───── ENTRIES SHOWN
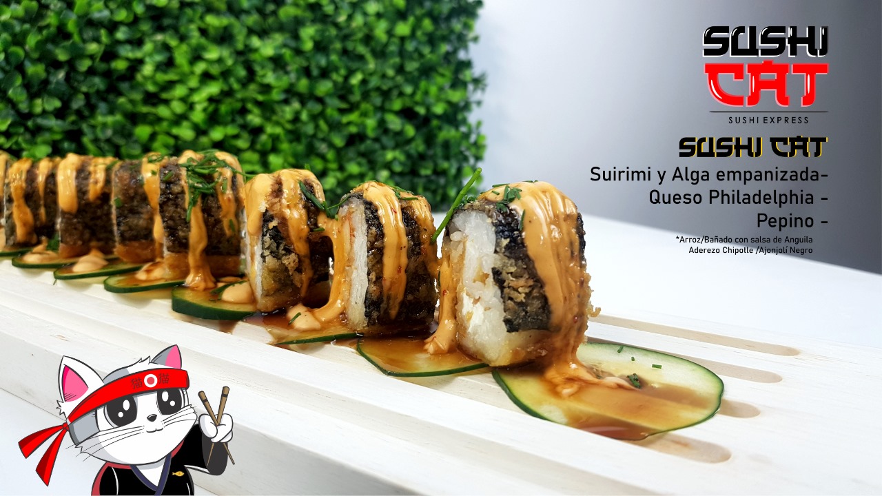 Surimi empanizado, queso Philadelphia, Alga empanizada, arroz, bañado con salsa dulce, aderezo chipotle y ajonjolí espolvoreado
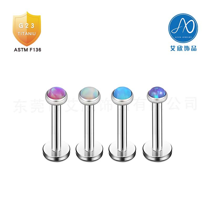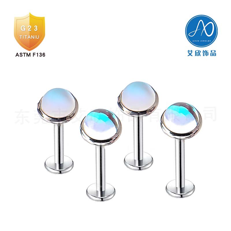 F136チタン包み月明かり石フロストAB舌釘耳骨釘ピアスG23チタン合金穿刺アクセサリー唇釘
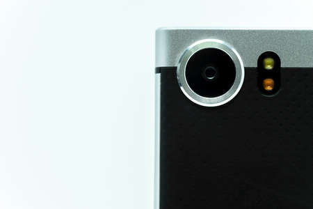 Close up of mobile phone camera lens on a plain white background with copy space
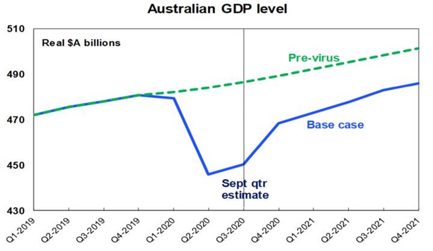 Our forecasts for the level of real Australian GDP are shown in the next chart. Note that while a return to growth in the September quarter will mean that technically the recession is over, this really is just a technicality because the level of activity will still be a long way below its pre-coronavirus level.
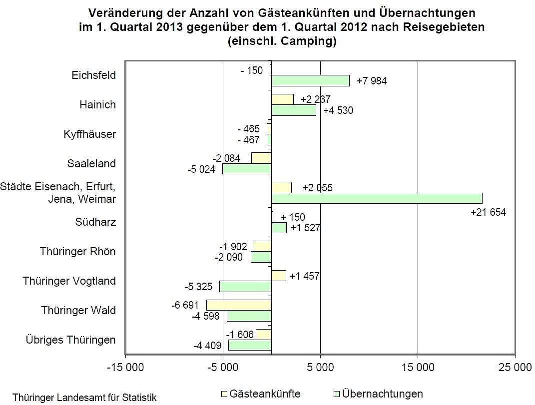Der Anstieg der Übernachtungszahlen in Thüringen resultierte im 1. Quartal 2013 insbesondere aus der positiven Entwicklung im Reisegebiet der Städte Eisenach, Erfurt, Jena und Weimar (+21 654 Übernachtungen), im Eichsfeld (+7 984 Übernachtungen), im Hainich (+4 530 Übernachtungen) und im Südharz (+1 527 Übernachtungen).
──────────
→ WHAT YOU WILL DO: Stop after the line containing "F136チタン包み月明かり石": copy the records exactly from the first line up to there, leaving pictures out.

→ COMPLETED EXERCISE:
 Surimi empanizado, queso Philadelphia, Alga empanizada, arroz, bañado con salsa dulce, aderezo chipotle y ajonjolí espolvoreado
 F136チタン包み月明かり石フロストAB舌釘耳骨釘ピアスG23チタン合金穿刺アクセサリー唇釘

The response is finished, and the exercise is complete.